Sin da bambina, il suo sogno era sempre stato quello di diventare pittrice, e dovette sfidare le convenzioni sociali per farlo. Quando venne abusata dal pittore che era stato chiamato per farle da maestro di pittura in casa, subì addirittura un processo, e dipinse il suo capolavoro: Giuditta che decapita Oloferne (“Giuditta e Oloferne”).
A Roma aveva recepito gli stimoli dalla vibrante scena capitolina, e sempre in città conobbe la pittura del Caravaggio. Fu l’unica, tra tanti artisti uomini, ad essere in grado di tramandare lo spirito e la tecnica di Caravaggio. Figlia d’arte e donna, si fece strada in un mondo prettamente maschile e contribuì a diffondere la tecnica del chiaroscuro e il realismo pittorico.
Infine, Simone Weil…
La Weil fu una scrittrice, pensatrice, filosofa e poetessa di origine ebrea (Parigi 1909 – Inghilterra 1943).
Pensatrice profonda, colta e raffinata (sorella del matematico André Weil), ebbe varie esperienze politiche e si mise sempre dalla parte dei deboli, degli oppressi e dei discriminati.
Aderì al marxismo e poi si convertì al cristianesimo, per restare fedele alle proprie convinzioni morali e sostenere i più deboli. Durante la Seconda Guerra Mondiale si schierò con i pacifisti.
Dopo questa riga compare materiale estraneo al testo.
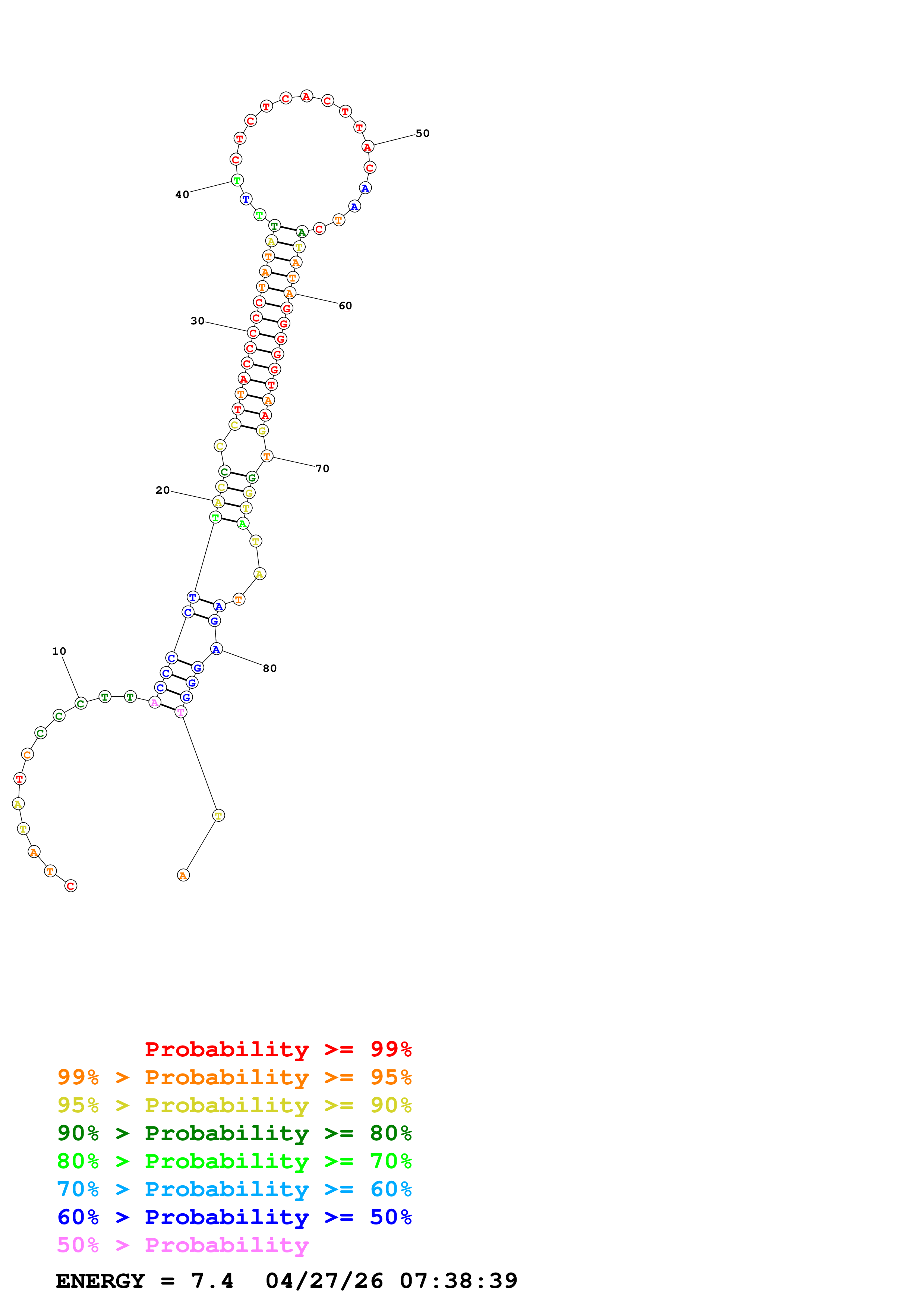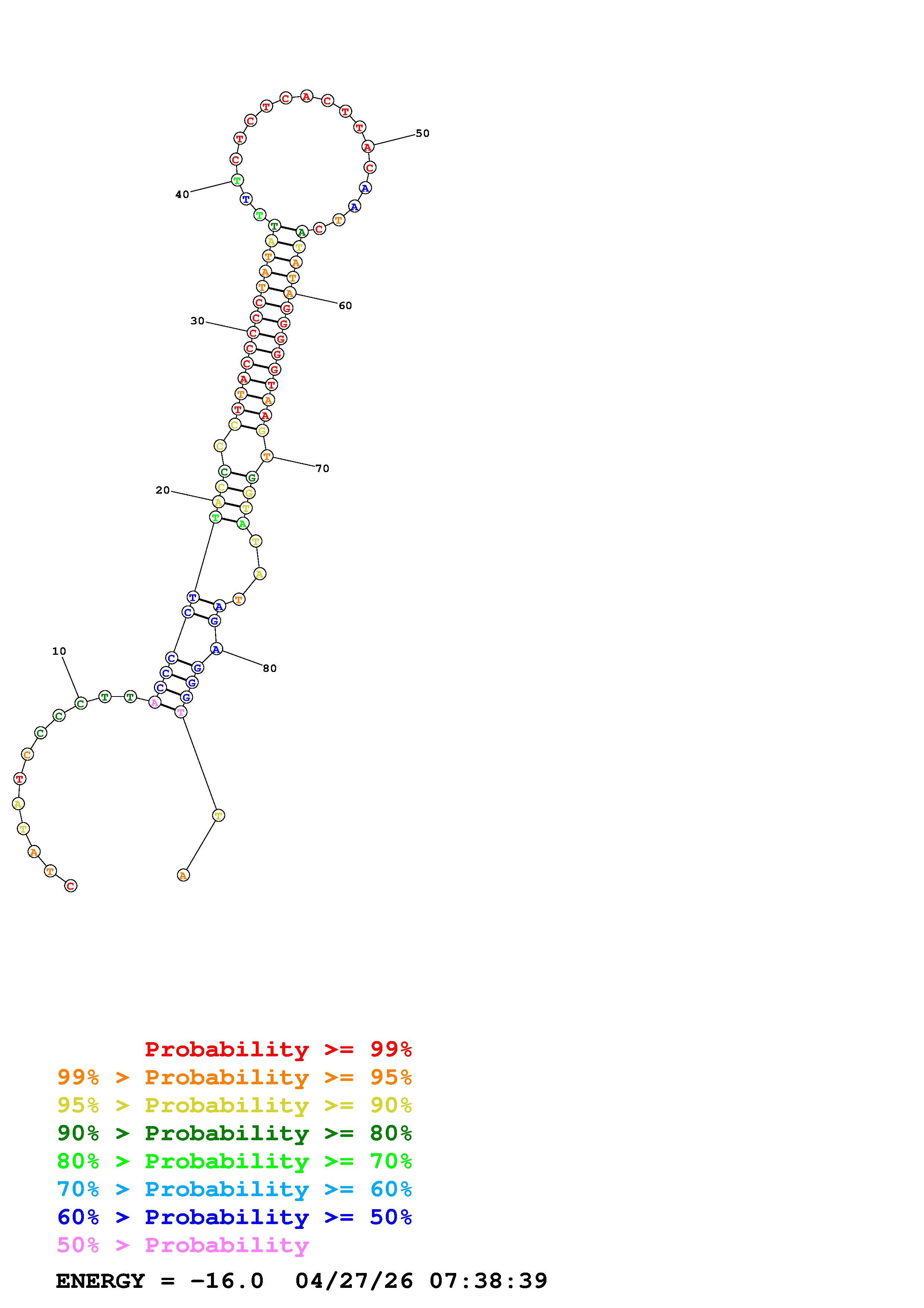 Fold Predict1.fasta Fold.ct --DNA --loop 30 --maximum 20 --percent 10 --temperature 310.15 --window 3
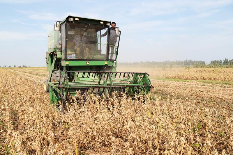 图为华阳河新洲管区用大型收割机收获大豆。(李龙)

Non molto conosciuta, se non da pochi amanti della cultura e della filosofia, è stata bandita anche lei in quanto donna.
Forse la storia dovrebbe essere riscritta, ricordando non solo i grandi uomini, ma anche tutte quelle donne che nella storia hanno lasciato un segno.”
Approfondiamo la scelta di questo titolo così evocativo: VisioniDonneFuture
“In questo spettacolo racconto di un viaggio, del percorso fatto da quattro donne appartenenti ad epoche diverse, ma che desiderano tutte la stessa cosa: la libertà.
Sono vissute in un tempo che non gli apparteneva, perché erano assolutamente all’avanguardia nel modo di affrontare la vita e i condizionamenti dell’epoca. Erano, pertanto, Donne Future e Visionarie.”
Qual è la tua aspirazione nel raccontare queste appassionanti (e poco conosciute) storie al pubblico?
“E’ importante raccontare al pubblico di questi personaggi storici che sono stati così importanti ma troppo spesso dimenticati.
Nei miei spettacoli rievoco solo alcuni momenti determinanti della vita di queste donne. La mia aspirazione è che le persone che vedono i miei spettacoli si incuriosiscano e vadano poi, spinte dalla curiosità, ad approfondire e studiare questi personaggi. Con il mio teatro voglio dare delle suggestioni, incuriosire, aprendo una breccia – perché no! – nell’animo degli spettatori.”